Chickpea Tomato Soup
This recipe for tomato soup with chickpeas is hearty, wealthy and satisfying. It’s a wholesome tomato soup with beans for protein and texture. Recipe yields 4 beneficiant bowls.
- In a Dutch oven or soup pot, heat the olive oil over medium warmth till shimmering. Add the onion, salt and curry powder. Cook dinner, stirring often, till the onions are tender and turning translucent, 7 to 10 minutes. Add the tomato paste and cook dinner, stirring consistently, till aromatic, about 30 seconds.
- Add the tomatoes, vegetable broth, and simply ¼ cup of the chickpeas. Stir to mix. Enhance the warmth to medium-high and convey the combination to a simmer. Cook dinner for quarter-hour, stirring often and lowering the warmth as essential to keep up a delicate simmer.
- Take away the pot from the warmth and let it cool for a couple of minutes. Rigorously switch the remaining combination to a blender, being certain to not fill previous the utmost fill line (mix in batches if essential). Add the butter, sugar, and a number of other twists of black pepper. Securely fasten the lid and mix the soup till it’s utterly easy, being cautious to keep away from scorching steam escaping from the lid.
- Return the soup to the pot and stir within the remaining chickpeas. Convey the combination again to a delicate simmer and cook dinner, stirring often, for 15 extra minutes or till the chickpeas are tender sufficient in your liking (cautious when tasting, the soup could be very scorching).

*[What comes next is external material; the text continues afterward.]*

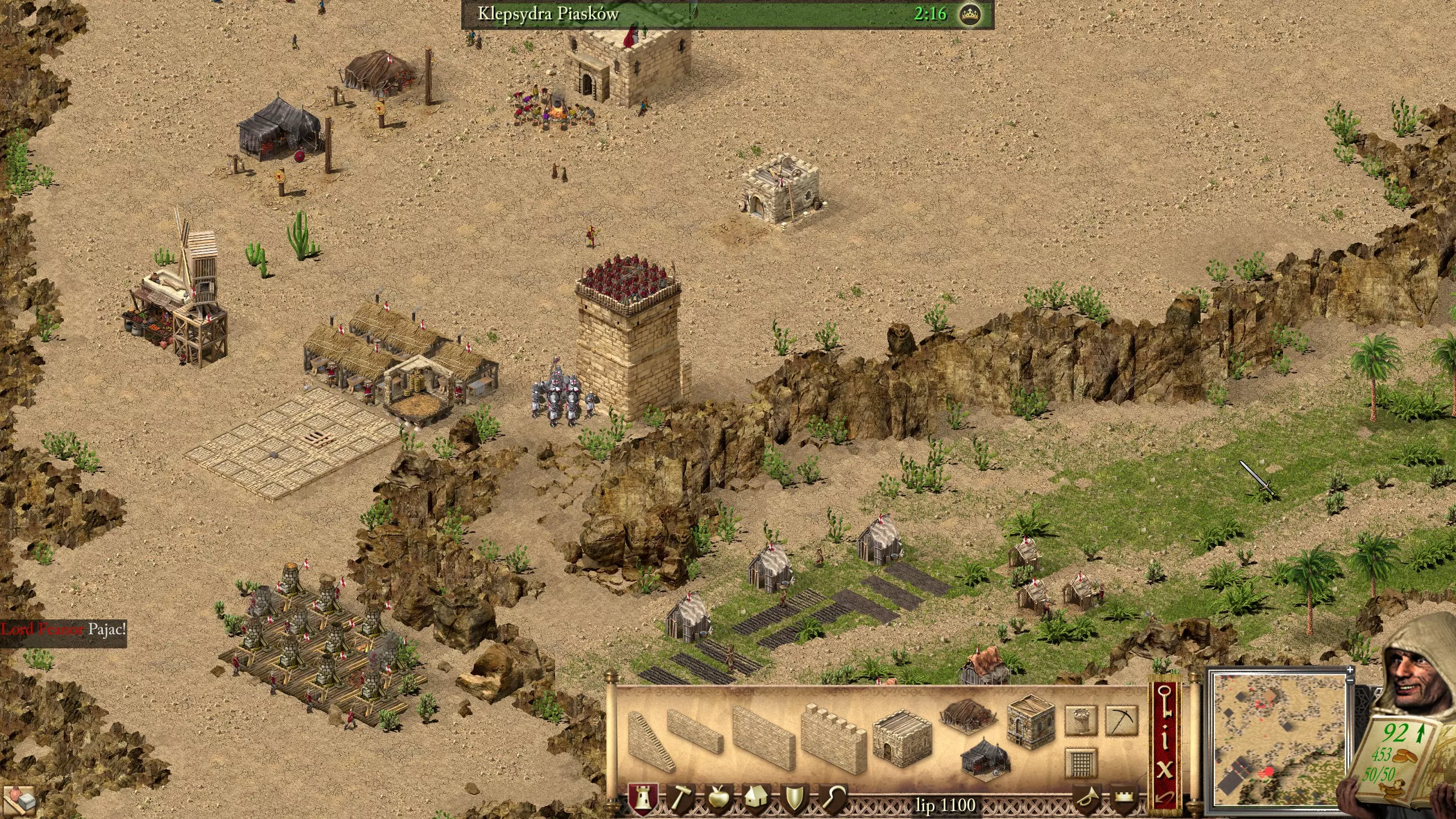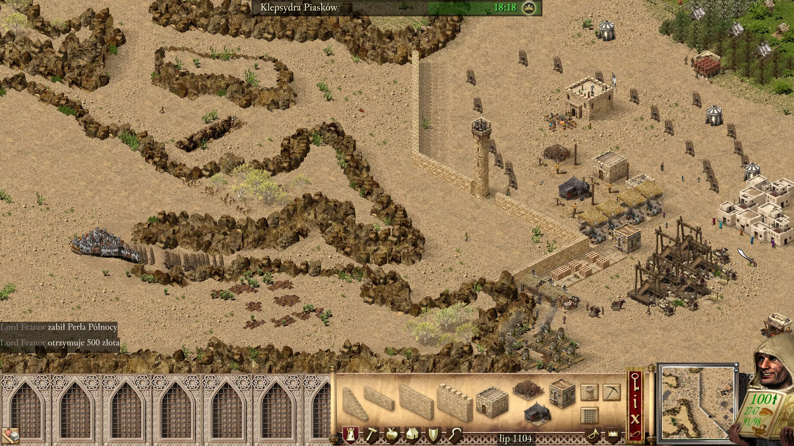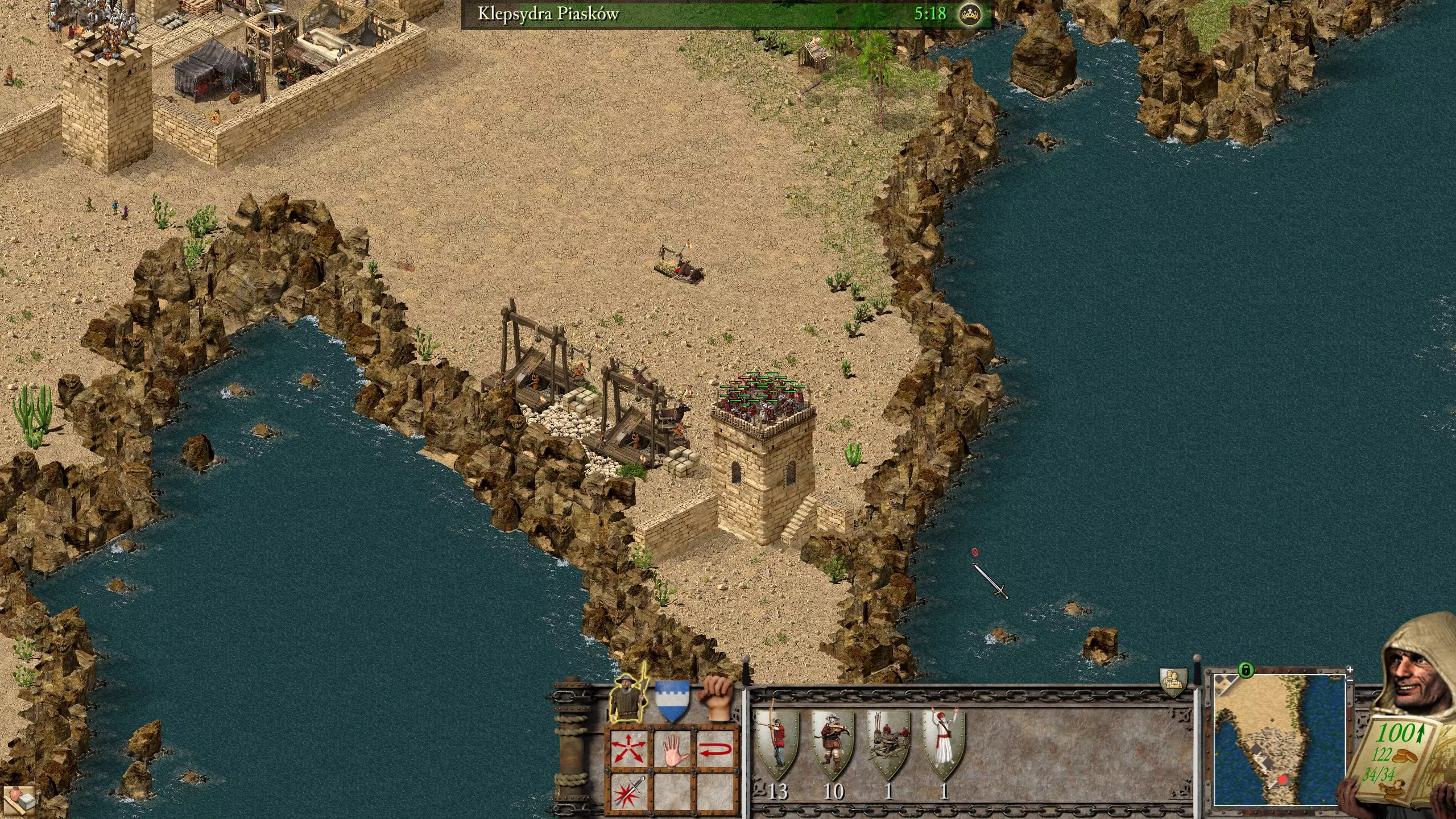 这个任务有点棘手,但并不难完成。我们要面对哈里发、苏丹和珍珠。 该怎么做,又该如何开始呢? 像往常一样,将你的储备库移到资源附近是个好主意,这能节省我们很多时间。另外,最好在绿色区域开始苹果生产,并把粮仓搬到那里。别忘了像下图所示那样用城墙围住你的要塞。你也可以将部队(初始弓箭手、10名弩手和1名治疗师)堆叠在瞭望塔上,方法很简单,只需平整地形,然后将部队叠放在一起。如果地形固定好了,你就可以建造一个更大的塔楼,并在上面安装弩炮。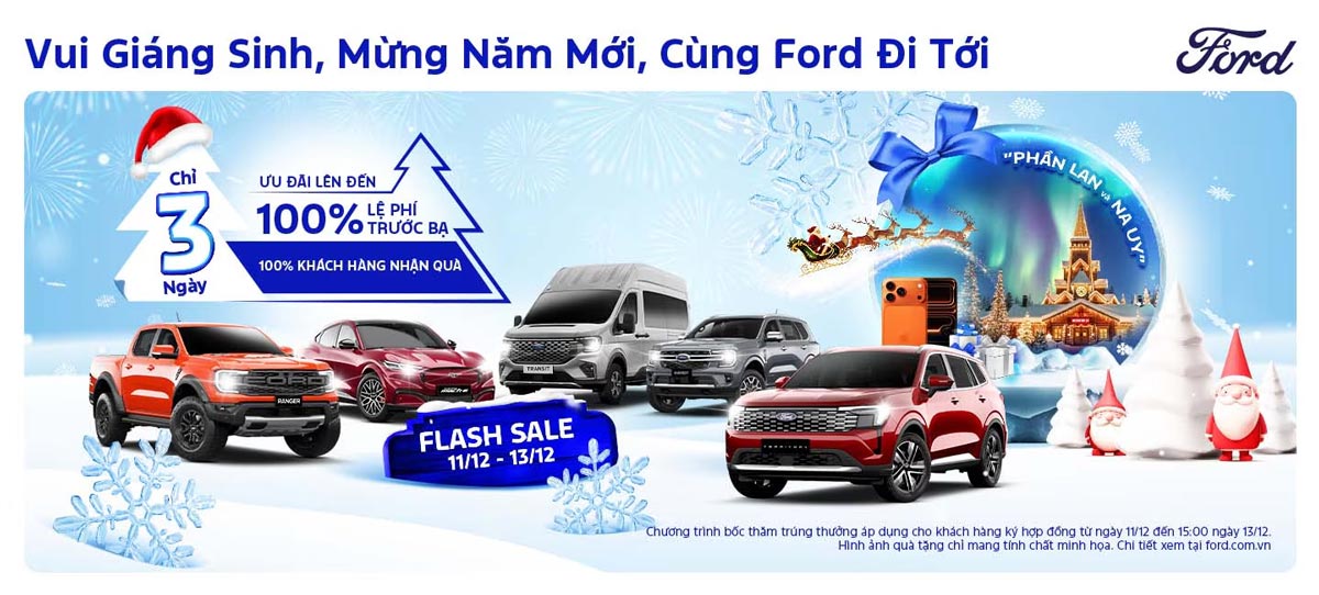 Ford Việt Nam cùng hệ thống đại lý ủy quyền trên toàn quốc hân hạnh công bố chương trình khuyến mãi đặc biệt “Vui Giáng Sinh, Mừng Năm Mới, Cùng Ford Đi Tới”. Sự kiện này được thiết kế để nhân đôi niềm vui cho quý khách hàng khi chọn mua các dòng xe Ford mới nhất, với tổng giá trị giải thưởng cực kỳ hấp dẫn, tập trung vào ba ngày vàng duy nhất.

- Flip off the warmth. Since canned tomatoes fluctuate in taste, I at all times find yourself tinkering with this soup a bit on the finish. Style and, if essential, add a little bit extra sugar (to steadiness out the acidity of the tomatoes), pepper, and salt (I normally add one other ¼ to ½ teaspoon).
- Serve in bowls topped with a heavy sprinkling of grated Parmesan and maybe a light-weight sprinkle of black pepper. This soup retains properly within the fridge, coated, for as much as 4 days. Or, you may freeze leftovers for as much as 3 months.
Notes
Recipe tailored from my Classic Tomato Soup (Lightened Up!).
*Tomato notes: Not all canned tomatoes are created equally. I like Muir Glen or Jovial manufacturers. Should you’re watching your sodium consumption, select no-salt-added tomatoes and add salt to style.
Make it dairy-free/vegan: Exchange the butter with 1 tablespoon of extra olive oil. Don’t add cheese. You would possibly like a dollop of vegan sour cream or a sprinkle of vegan Parmesan on high.
Vitamin
The knowledge proven is an estimate supplied by an internet vitamin calculator. It shouldn’t be thought of an alternative to an expert nutritionist’s recommendation. See our full nutrition disclosure here.